Work instruction » Beginning with the line containing "Varrukateta Rikkalik Drapeeritud", transcribe every line exactly down to the last one in the records below, and drop the pictures.

____ Extracted material

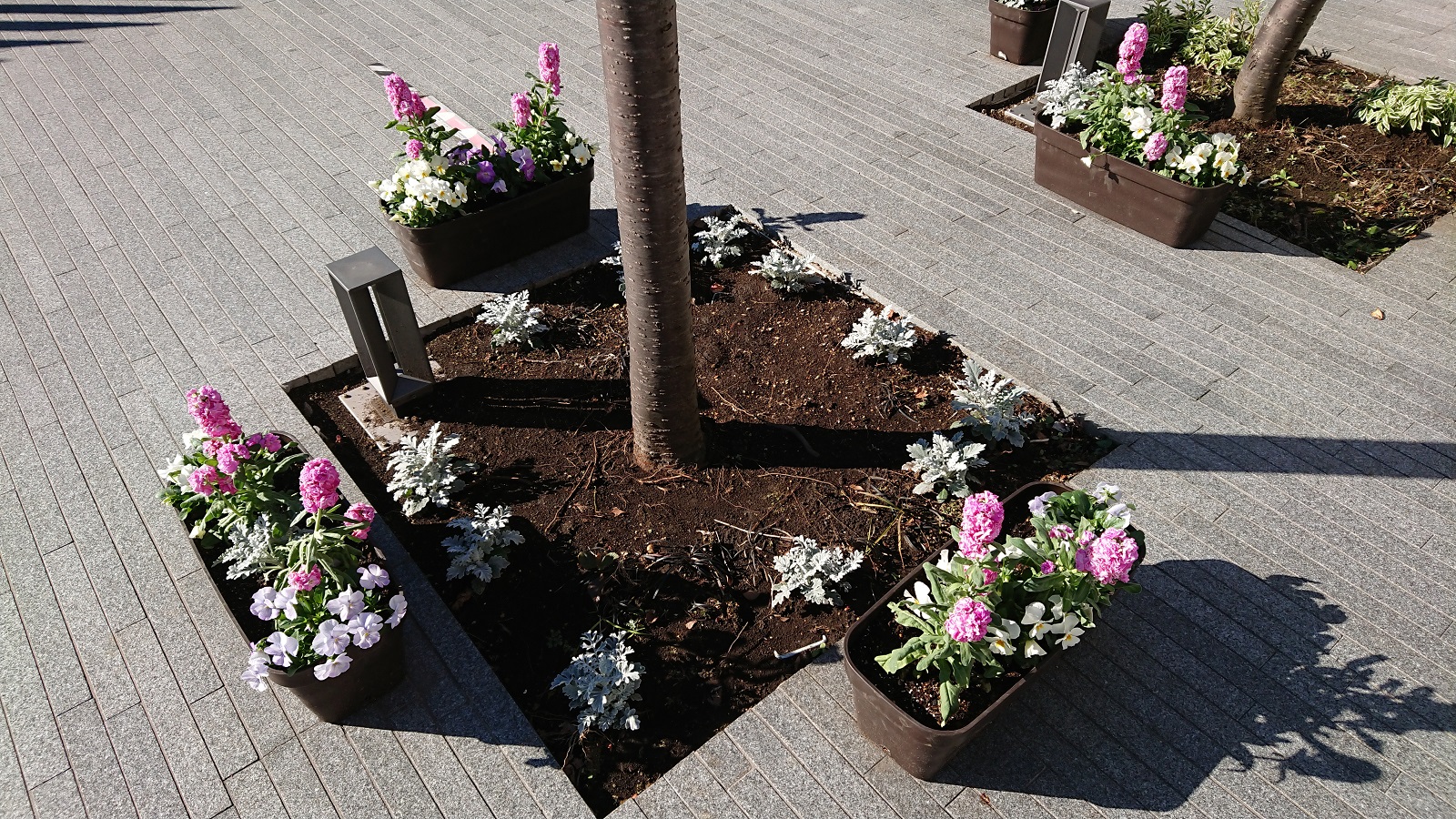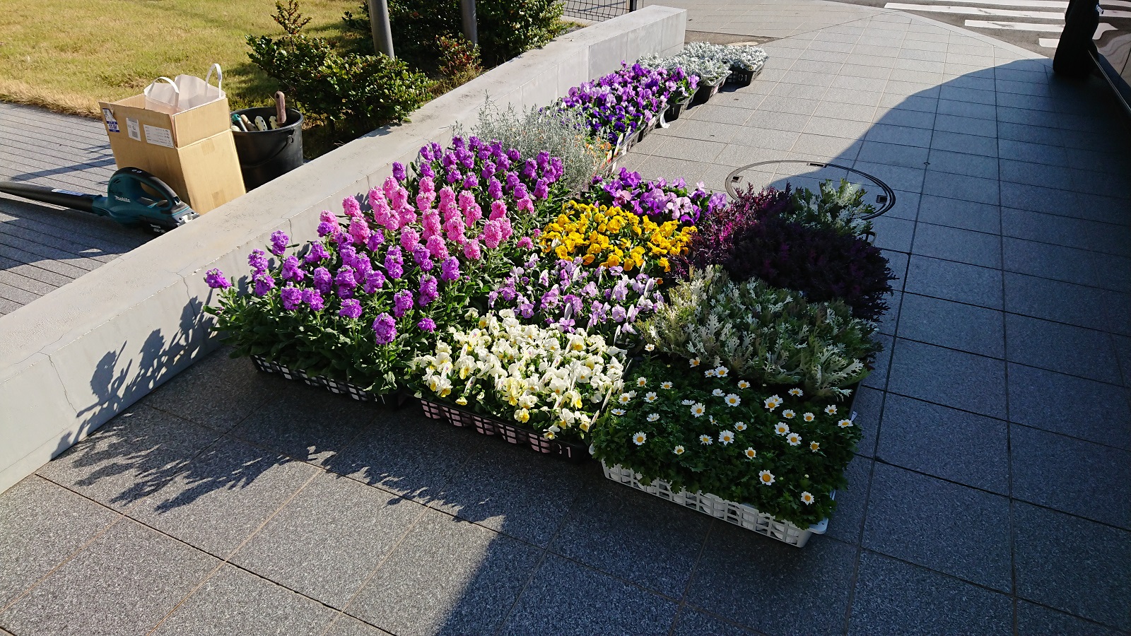 これまでは駐車場周りのタブノキ下とプランター等に植えていただいておりましたが、今回は正門の花壇に
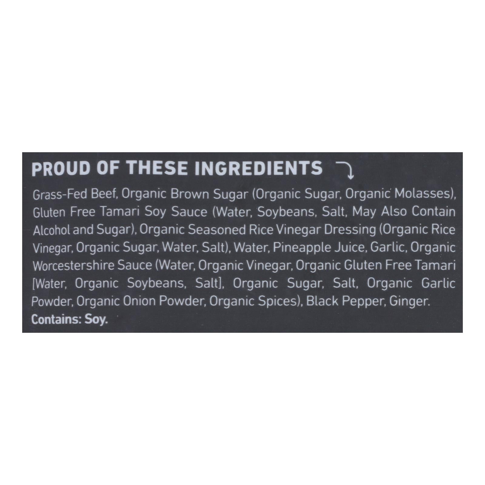 ingredients : grass-fed beef;organic brown sugar;organic sugar;organic molasses;gluten free tamari soy sauce;water;soybeans;salt;may also contain alcohol and sugar;organic seasoned rice vinegar dressing;organic rice vinegar;pineapple juice;garlic;organic worcestershire sauce;organic vinegar;organic gluten free tamari [water;organic soybeans;organic garlic powder;organic onion powder;organic spices;black pepper;ginger
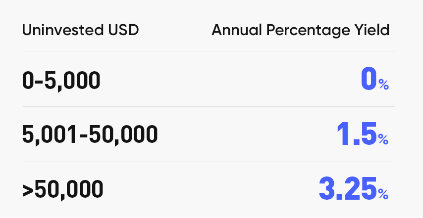 Your uninvested cash can now get you automatic interest with Tiger Trade. If you have over $5,000 in USD or AUD sitting uninvested, it's time to make that money work harder for you! Here's how our current tiered interest rates look*:
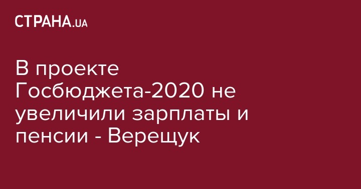 В проекте Госбюджета-2020 не увеличили зарплаты и пенсии - Верещук
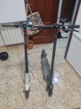 Se venden dos patinetes eléctricos, uno de la marca Xiaomi y otro Brigmton. Ambos presentan un fallo en la batería. - Patinete Xiaomi la Batería esta Ko, necesita sustituirse, pero el patinete tiene adaptación a ruedas de 10 pulgadas - Patinete Brigmton, la Batería funciona pero tiene poca durabilidad, unos 4-5 kilómetros, tiene rueda maciza delante y con cámara detras, regalo el soporte para móvil. Además Regalo 3 Cubiertas de 8,5 Pulgadas totalmente nuevas
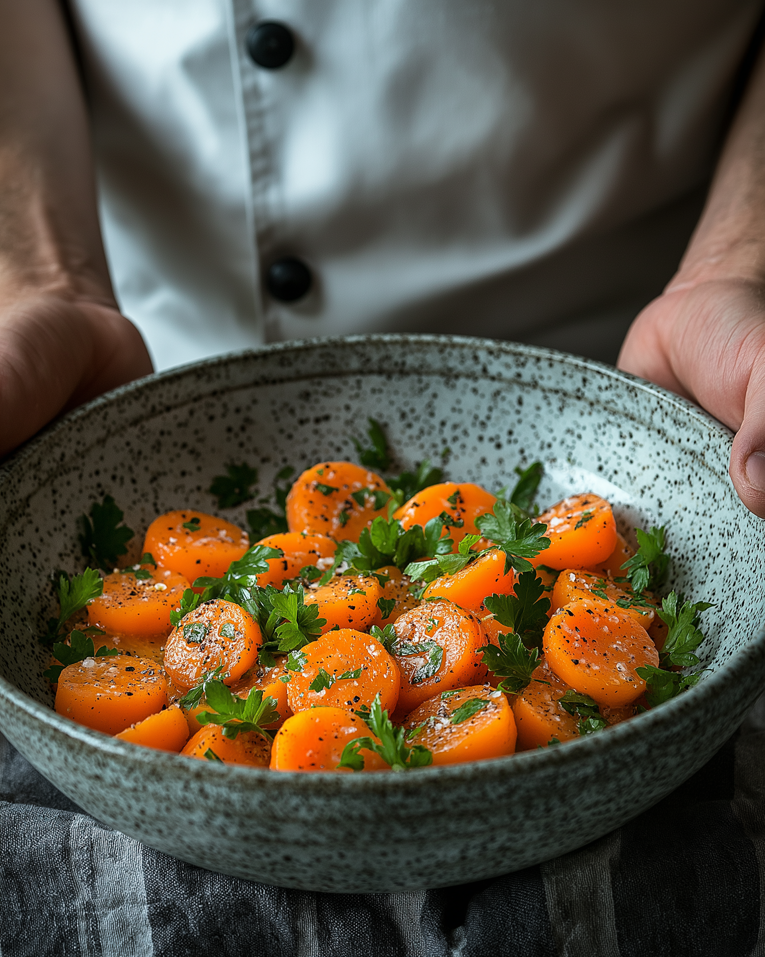 Bright orange carrot slices with parsley garnish in a rustic bowl, held by a chef in a white coat. Perfect for food lovers!
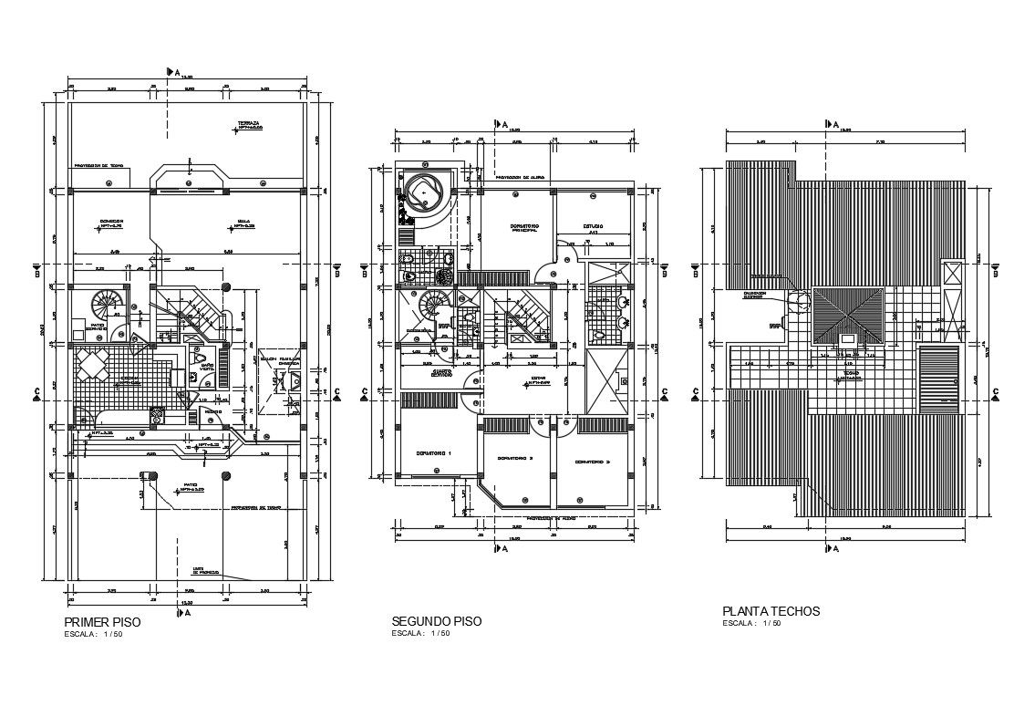 First floor, second floor and cover plan details of one family house that includes a detailed view of ground floor, first floor and terrace with main entry gate, mini garden, car parking view, main entry house door, drawing room, living room, family hall, kitchen, dining area, indoor staircases, laundry area, balcony, bedroom, master bedroom, toilets and bathroom, indoor doors, furniture details and much more of house project.
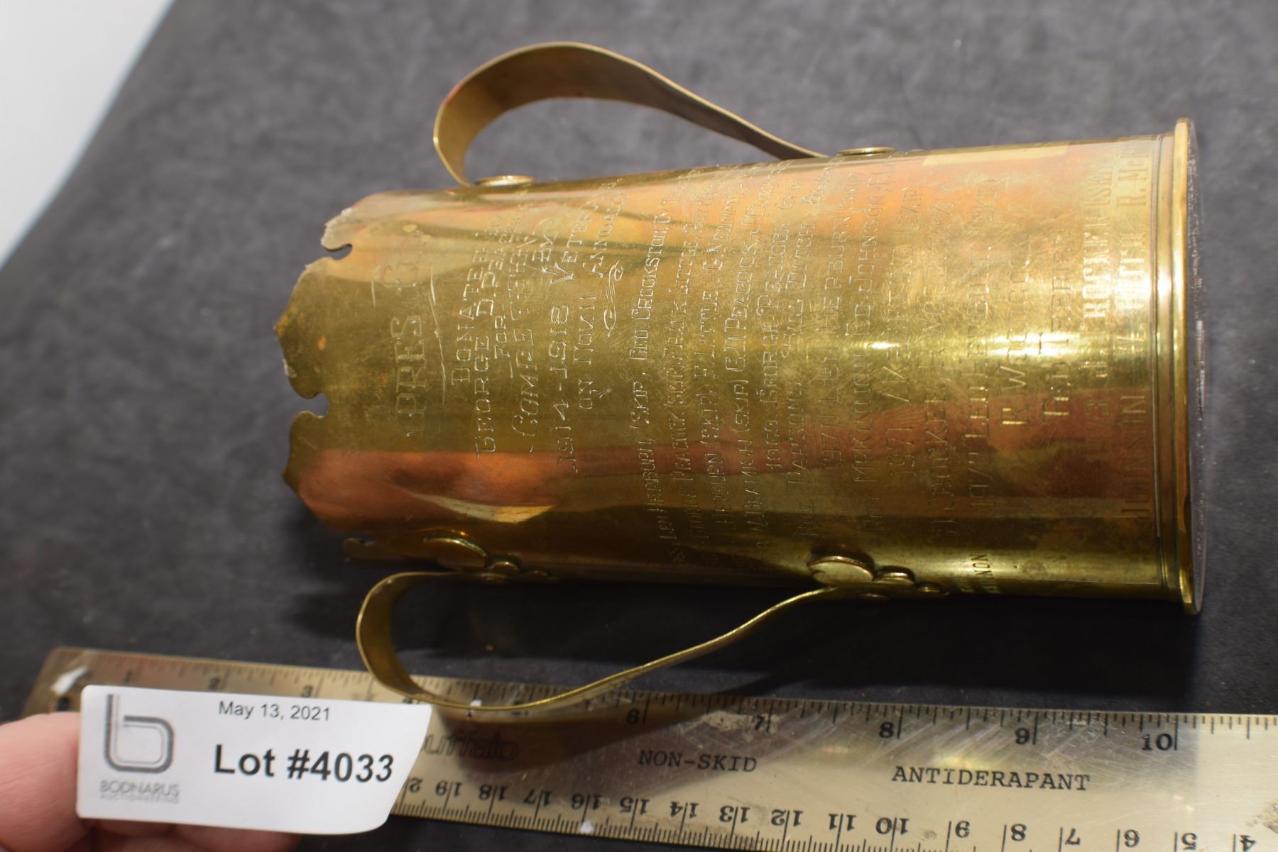 TRENCH ART BRASS SHELL CASING CURLING TROPHY YPRES CUP
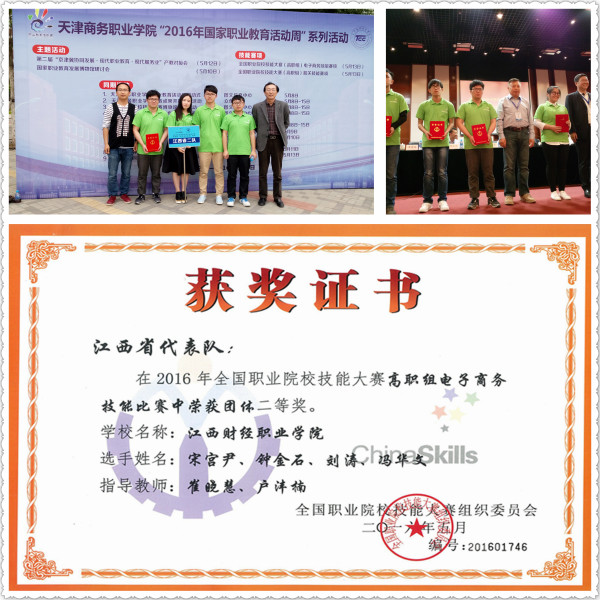 2016年5月13日,由教育部、天津市人民政府等31家单位共同主办的“2016全国职业院校技能大赛”高职组“电子商务技能”赛项在天津商务职业学院开赛,来自全国29个省市的81支代表队参与角逐。beat365官网派出经济贸易学院14级电子商务专业宋宫尹、刘涛、冯华文、钟金石四位同学组成的代表队代表江西参加竞赛。经过紧张激烈的角逐,荣获大赛团体二等奖。这是继beat365官网2015年获得团体二等奖,又一次斩获2016年团体二等奖,为江西省代表队荣获的最高奖项,为学校争得了荣誉。
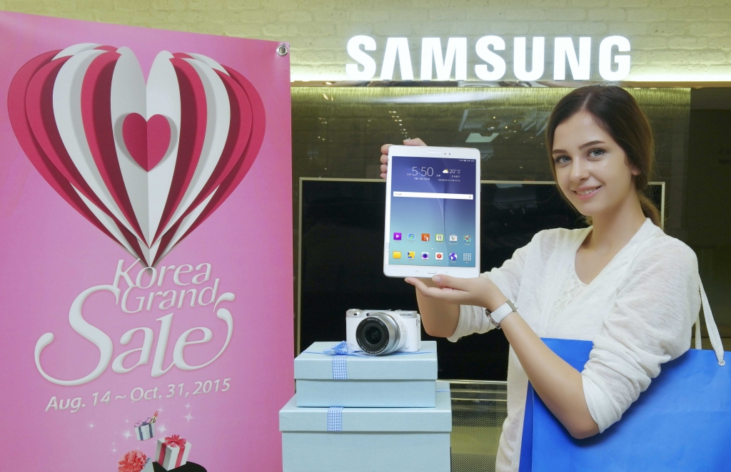 삼성전자 모델이 19일 서초동 삼성 딜라이트 면세 매장에서 태블릿과 카메라 등을 소개하고 있다. 삼성전자는 8월 14일부터 10월 31일까지 대한민국 전역에서 펼쳐지는 '코리아 그랜드 세일'에 적극적으로 동참해 면세점과 삼성 디지털프라자 면세 매장에서 행사 제품을 구매하는 외국인 관광객에게 푸짐한 사은품을 증정한다.
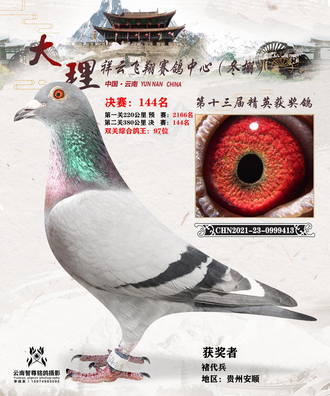 云南大理祥云飞翔赛鸽中心决赛获奖鸽
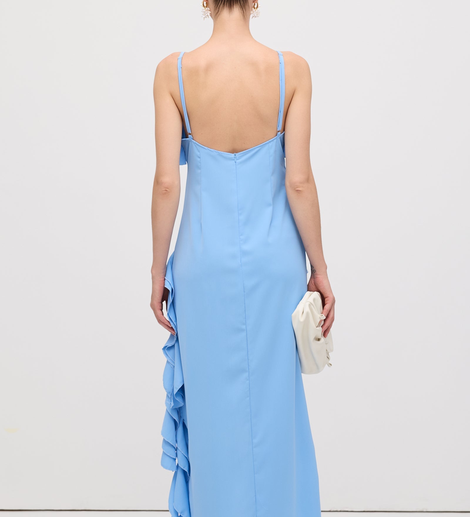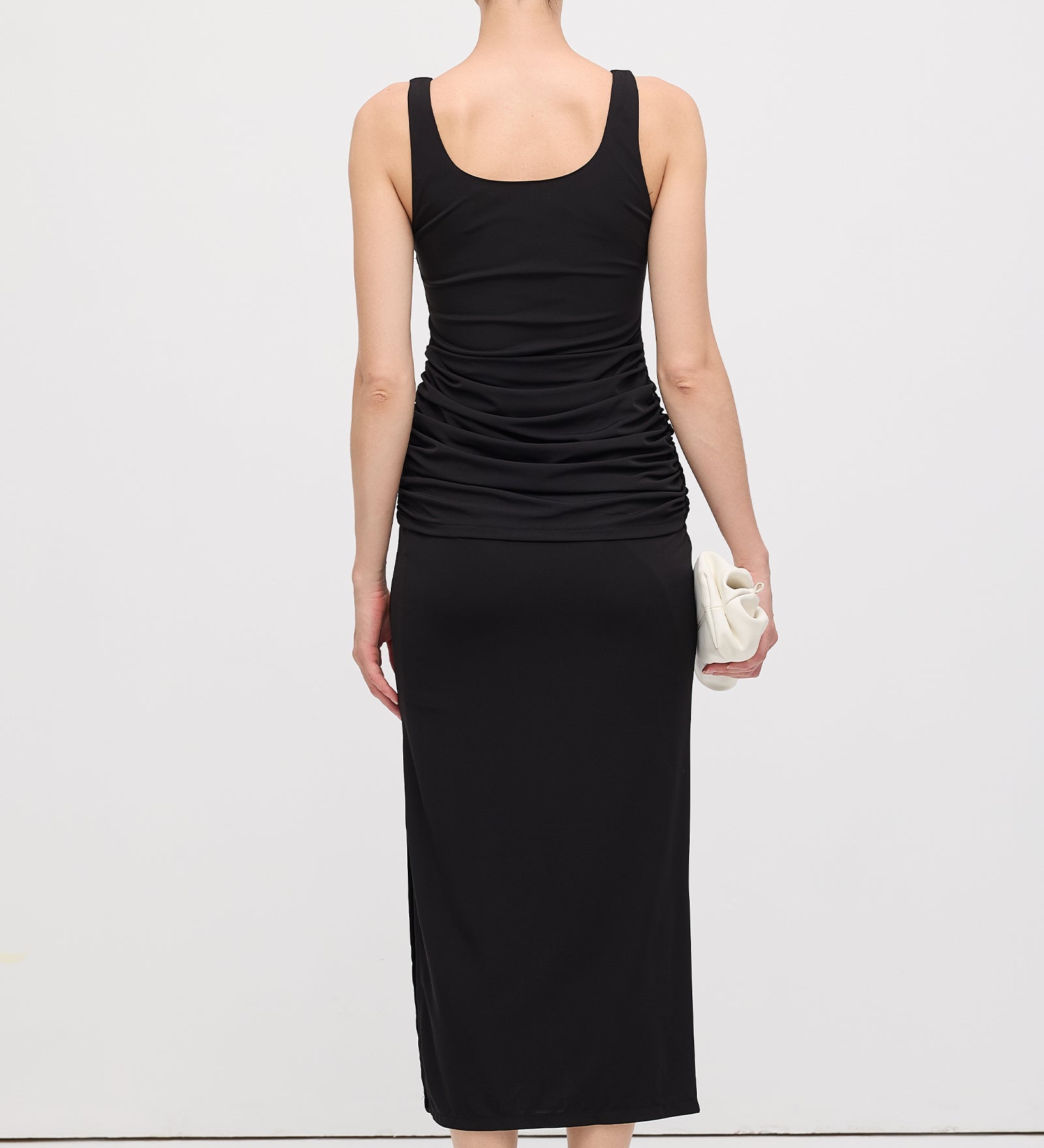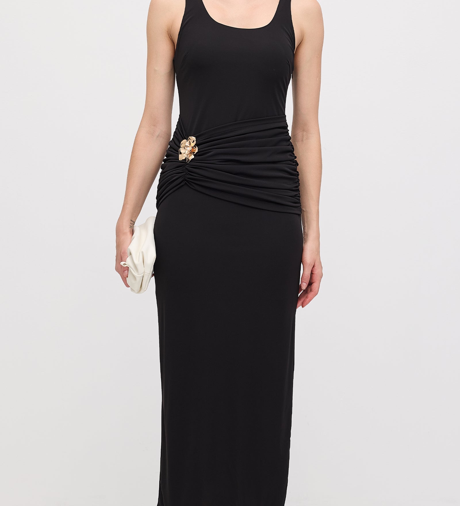 Varrukateta Rikkalik Drapeeritud Maxi Kleit Avatud Seljaga
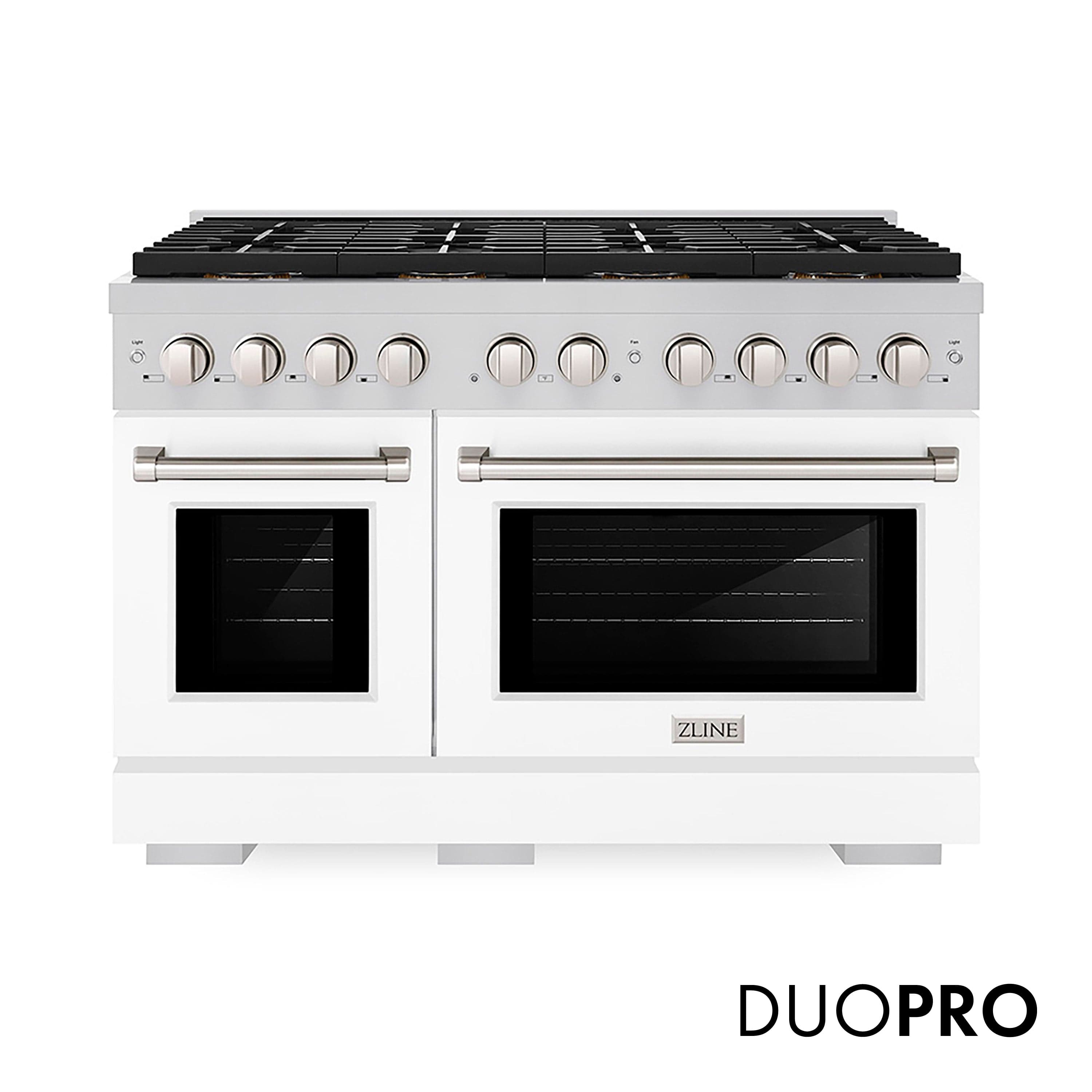 Range Hoods - ZLINE 48 in. 6.7 cu. ft. Paramount Dual Fuel Range with 8 Burner DuoPro Cooktop and Dual Ovens with White Matte Doors (PSDR-WM-48)

________

Result of the exercise »
 Varrukateta Rikkalik Drapeeritud Maxi Kleit Avatud Seljaga
 Range Hoods - ZLINE 48 in. 6.7 cu. ft. Paramount Dual Fuel Range with 8 Burner DuoPro Cooktop and Dual Ovens with White Matte Doors (PSDR-WM-48)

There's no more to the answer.